I'm not reading the book, i'm still on the list at the library, but I'm enjoying lurking and reading your comments.
I'm sure many women can identify with the offensive actions of people around us who have thought "we", whoever "we" are, didn't "belong", wherever it might have been. It is probably especially true for women over 60, probably not as bad as these women had to deal with, but it may now be more subtle.
When I worked for Dept of Army, there were three times, once I had some authority, that men told me I was "intimidating", "not going to change my mind," "too strong." (I have a voice that is lower in tenor and strong, which has served me well as a teacher or presenter) Two of these men had just met me, the third was very frightened of authority and my position and work were backed by the chief-of-staff. Fortunately in the first two cases, people who I had worked with and knew me spoke up to say "I don't think anybody here is intimidated by Jean Perry, " and a young woman captain said "jean did just what we as officers are trained to, to be assertive and be confident, not aggressive."

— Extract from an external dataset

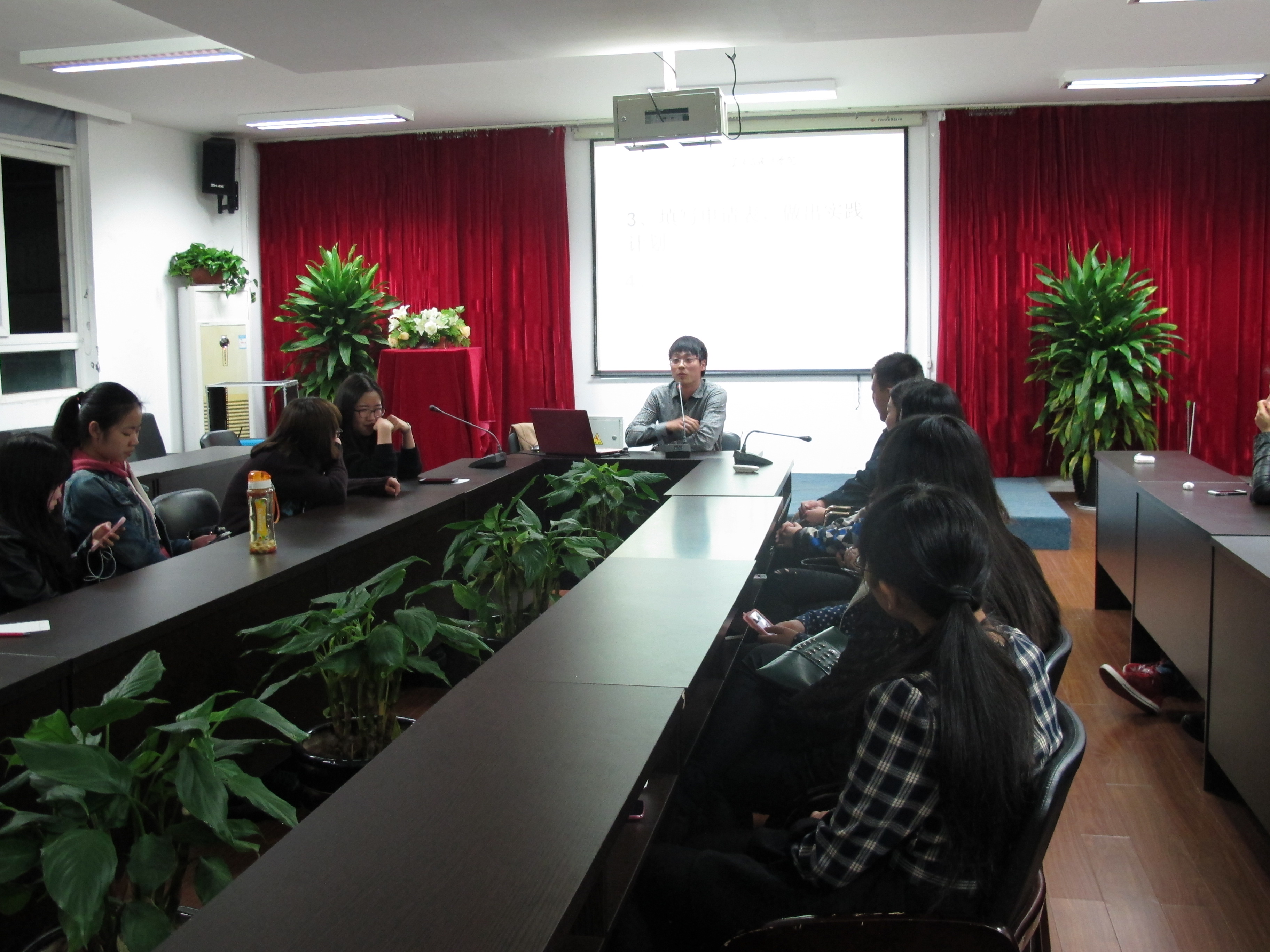 3月19日晚,黑料网 团委学生会在2B—4001举办了2014年暑期社会实践基础培训班。主讲师是创业实践部的副部长金李斌同学,2013级部分同学参加了此次讲座,讲座由办公室童超伦同学主持。 首先,金李斌副部长就暑期社会实践的具体申报流程和组织安排为在座的大一学生做了讲解,随后他用PPT展示了上届暑期社会实践团队的优秀成果,他鼓励同学们要结合自己所学知识,积极策划,学以致用,多开展一些有创新有意义的实践活动,将理论与实践充分结合,真正锻炼出自己的能力。 现场交流环节中,同学们就自己关心和困惑的事情提出了问题,嘉宾一一做了解答,讲座在轻松的氛围中顺利结束。

The subtle message, of course, was we don't like women being so sure of themselves/being in control/having authority. I worked very hard at walking the line between those behaviors and being a person people wanted to work with/for. Most of the people I worked with were accepting of my authority/program, but a couple of men not being o k with me could be a hindrance.
It sounds like those women at NASA had to work even harder to get respect for what they knew and were capable of.